**INSTRUCTIONS TO FOLLOW:** Below are some records; repeat them all exactly, minus the pictures.

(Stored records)

----

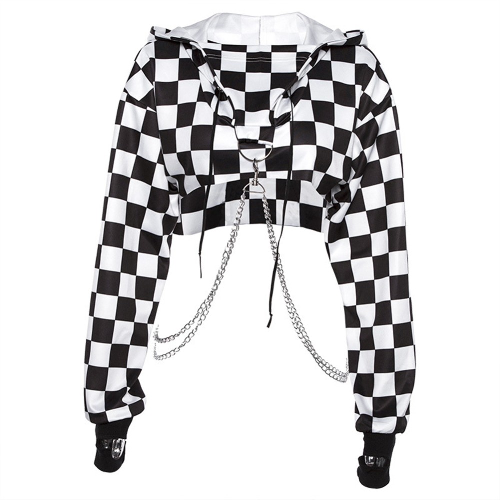 Forside Forside Tøj og tilbehør Dametøj Hættetrøjer til kvinder Kort sweatshirt i sort og hvid til kvinder
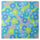 An Art Deco pattern based on a traditional, stylized chrysanthemum pattern used in Japanese textiles, in shades of blue, turquoise and lime green, outlined in white, on a light, silver grey background
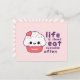 Cute cuptårta med lycklig ansikte och citatet "Livet är kort, ät muffinsar ofta".
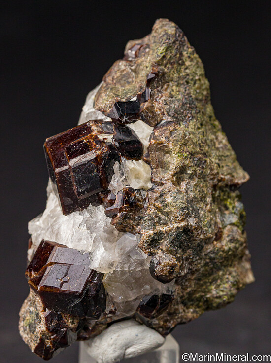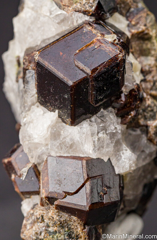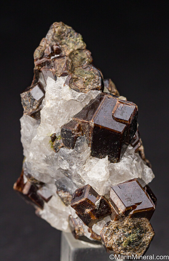 Lustrous red Andradite crystals to 2cm that contrast well against white Quartz. This locality usually produces crystals in dense intergrown clusters and to have such perfect, well isolated crystals is rare. Ex. Chuck Trantham collection, personally collected by Chuck.
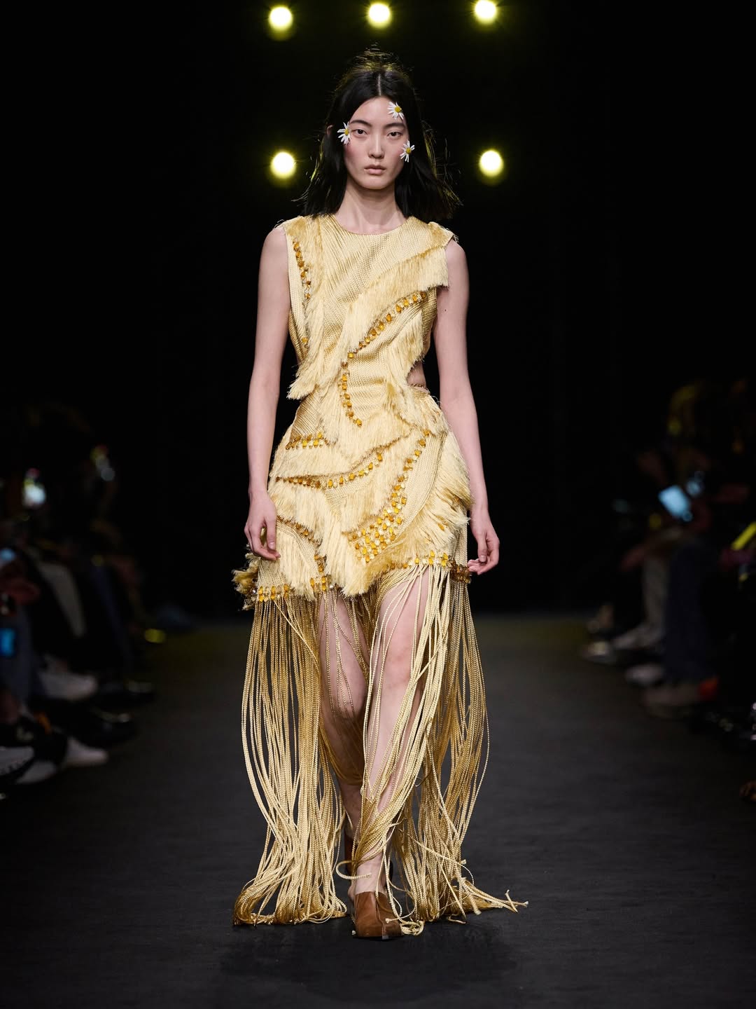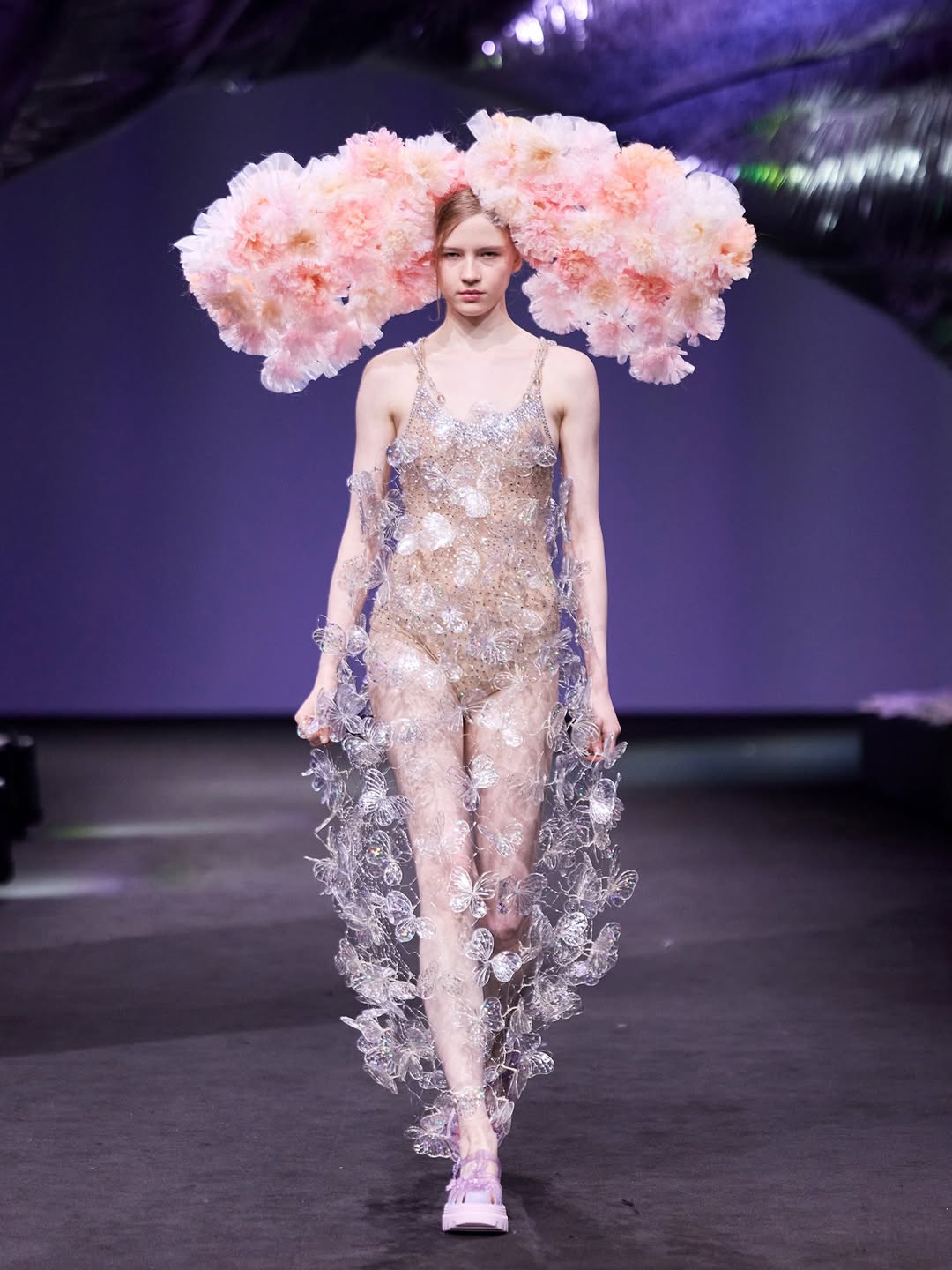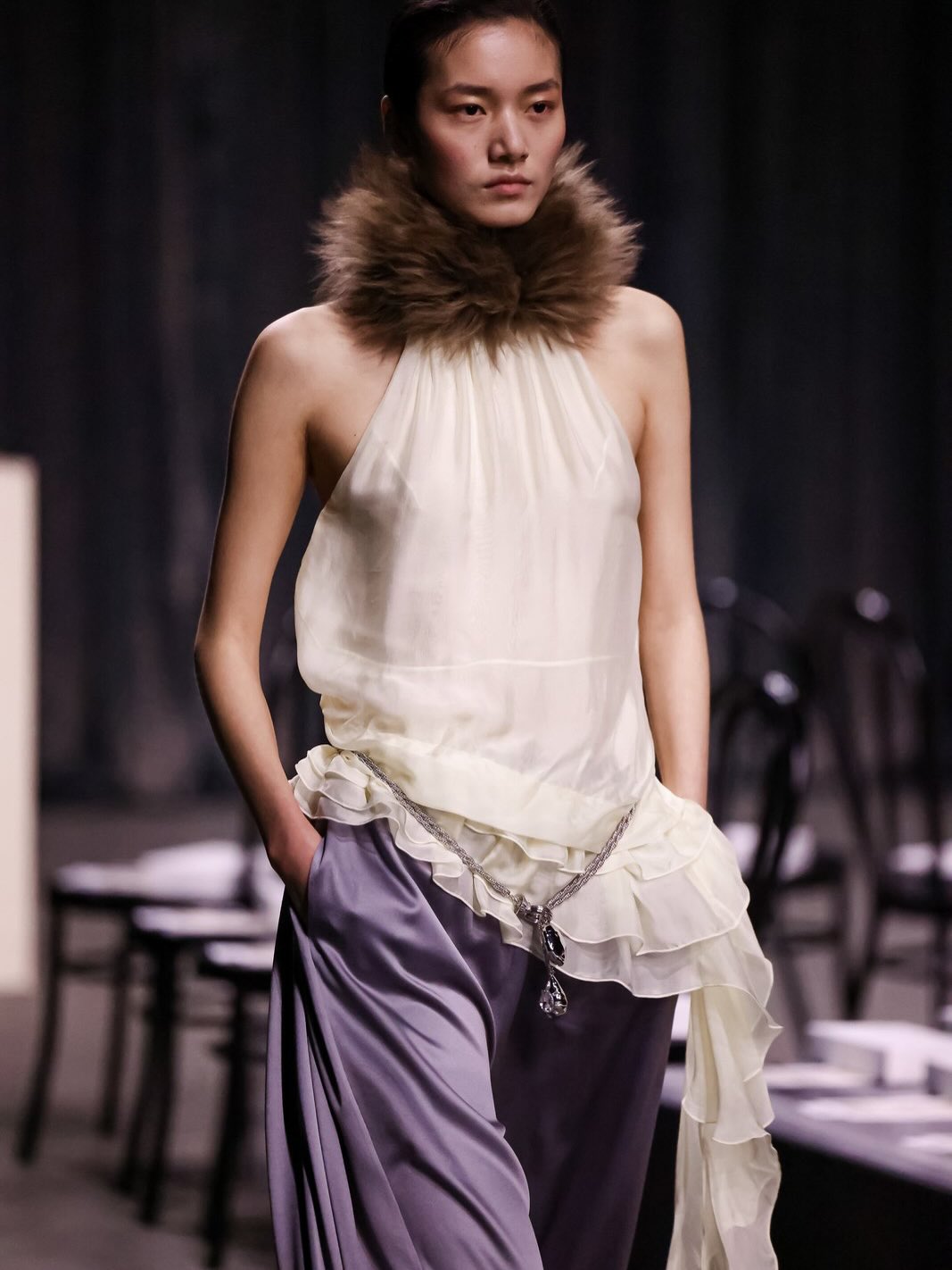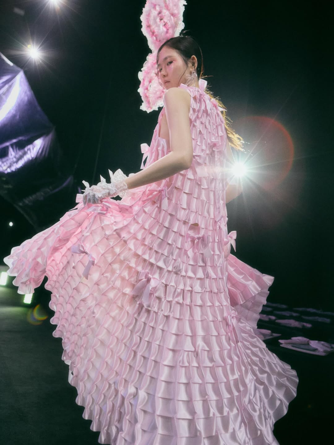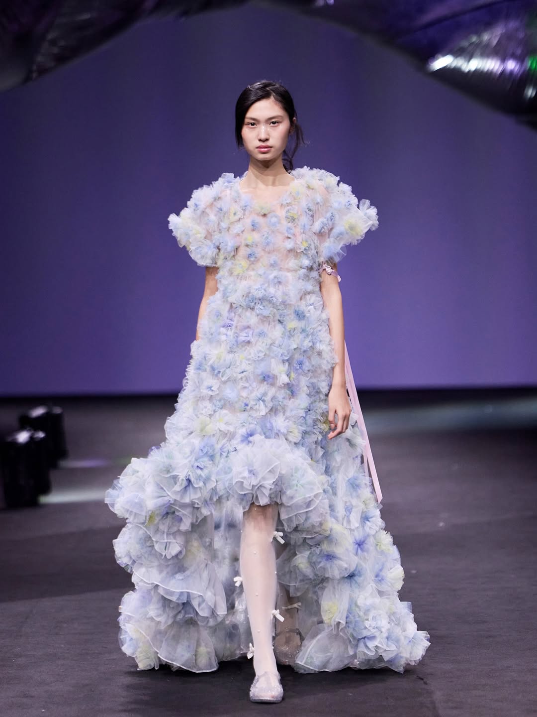 Susan Fang’s Autumn/Winter 2026 collection, Air-Flip, is weightless. Drawing inspiration for nature, her airy designs with cascading floral details are made possible through careful gathering, laser-cutting, and hand-knotting.

----

**THE ANSWER:**
 Forside Forside Tøj og tilbehør Dametøj Hættetrøjer til kvinder Kort sweatshirt i sort og hvid til kvinder
 An Art Deco pattern based on a traditional, stylized chrysanthemum pattern used in Japanese textiles, in shades of blue, turquoise and lime green, outlined in white, on a light, silver grey background
 Cute cuptårta med lycklig ansikte och citatet "Livet är kort, ät muffinsar ofta".
 Lustrous red Andradite crystals to 2cm that contrast well against white Quartz. This locality usually produces crystals in dense intergrown clusters and to have such perfect, well isolated crystals is rare. Ex. Chuck Trantham collection, personally collected by Chuck.
 Susan Fang’s Autumn/Winter 2026 collection, Air-Flip, is weightless. Drawing inspiration for nature, her airy designs with cascading floral details are made possible through careful gathering, laser-cutting, and hand-knotting.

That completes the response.